Please read that section, then answer below.

  1. (4 pts) The author refers to dispersion. In simple English, what is dispersion?


  2. *indices is just the plural of index. You'll also see indexes used sometimes.

    When we have a list, we need to distinguish between the indices* and the values.
    As an example, for the list [16,23,17] the indices of the list are 0,1,2
    and the values in the list are 16, 23 and 17.

    We are going to need to distinguish between indices and values.
    So, to be sure you understand, let's practice. Suppose we set myList = [89,24,12,68]

    1. (4 pts) What are the indices of the myList ?


    2. (4 pts) What are the values in myList?


  3. The textbook shows two ways to write a getMax function—one that iterates "by index" (Listing 4.2), and another that iterates "by item" (Listing 4.3). Please look at these two functions, and notice how they work differently.

    We can also call these two techniques iterating over the indices (4.2) vs. iterating over the values (4.3)
    The second one, i.e. iterating by item, or over the values, is also sometimes called a for-each loop.

    Now, suppose that I set the variable myList to a list of integers, e.g. myList = [34,2,67] or myList = [3,7,19,2]

    1. (4 pts) Write a for loop that uses iteration over the indices (what the book calls "iteration by index") that will print every value in the list.

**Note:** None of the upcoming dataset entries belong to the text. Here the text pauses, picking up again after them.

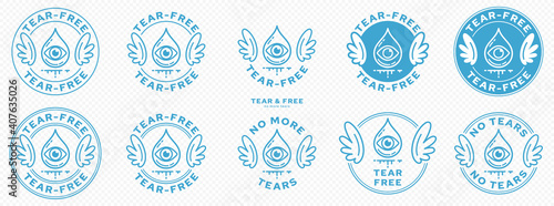 Conceptual marks for product packaging. Marking - no tears. The brand with wings is a symbol of the not containing, free. Teardrop icon with eye and flowing line. Vector
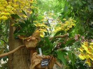 Si les orchidées ne sont pas présentes de façon permanente dans la serre du Muséum, on nous fait découvrir un Oncidium, sans fleurs, qui a poussé sur un arbre… Et l’on retourne sur nos pas pour voir à quoi ressemblent ses fleurs, et découvrir le jaune d’or d’un Oncidium « sweet sugar ». On ne se lasse pas de déambuler, apercevant à chaque détour et retour une espèce qu’on n’avait pas encore remarquée, dans le foisonnement de ces Mille et une orchidées…
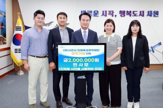 [경남도민뉴스=변정형 기자] 찐사모(진짜로 사천을 사랑하는 모임, 회장 빈재옥)가 21일 (재)사천시인재육성장학재단에 200만 원의 장학금을 전달했다.
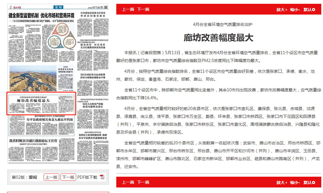 本报讯(记者段丽茜)5月13日,省91直播厅发布4月份全省环境空气质量排名,全省11个设区市空气质量最好的是张家口市,廊坊市空气质量综合指数及PM2.5浓度同比下降幅度均最大。
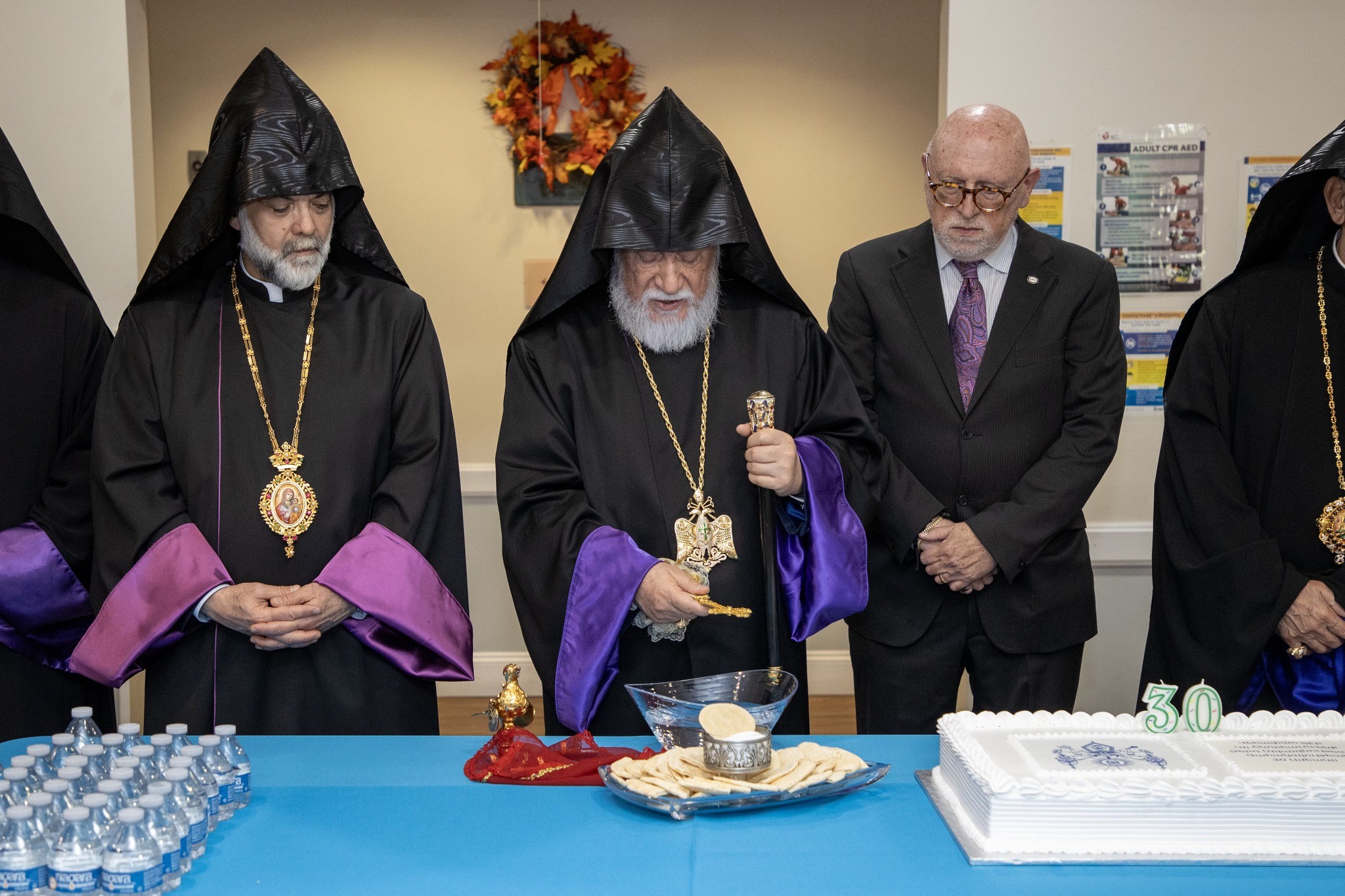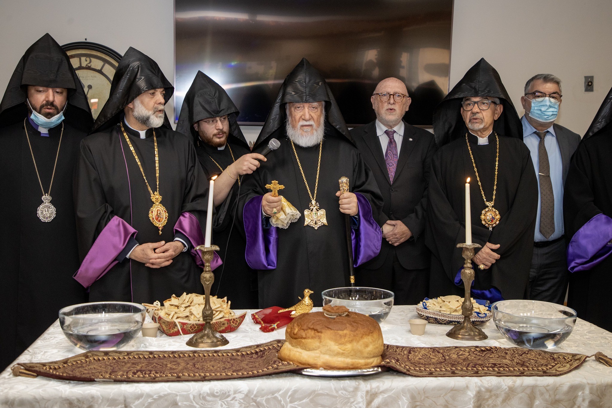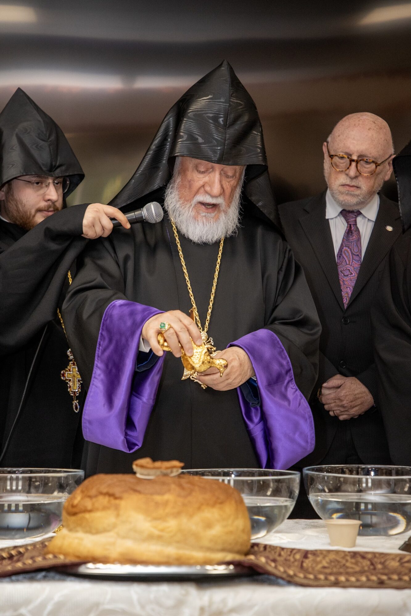 His Holiness conducted the Blessing of the Home service (Dnorehnek), offering prayers over bread, salt, and water. In his address, he praised the trustees, staff, and caregivers for their loving service, emphasizing that Ararat Home has always been a house of love, care, and Christian devotion, worthy of the respect and gratitude of the Armenian people.

Your loop needs to work no matter how big or small the list is.



    2. (4 pts) Now do the same thing—a for loop that prints every value in the list—but use the for-each style of loop.



  4. (5 pts) Now, continuing on p. 130-131, write a function getMin that is similar to the getMax from Listing 4.2—i.e. it uses iteration over indices.







  5. (5 pts) Now write a function getMin that is similar to the getMax function from Listing 4.3—i.e. it uses iteration over values.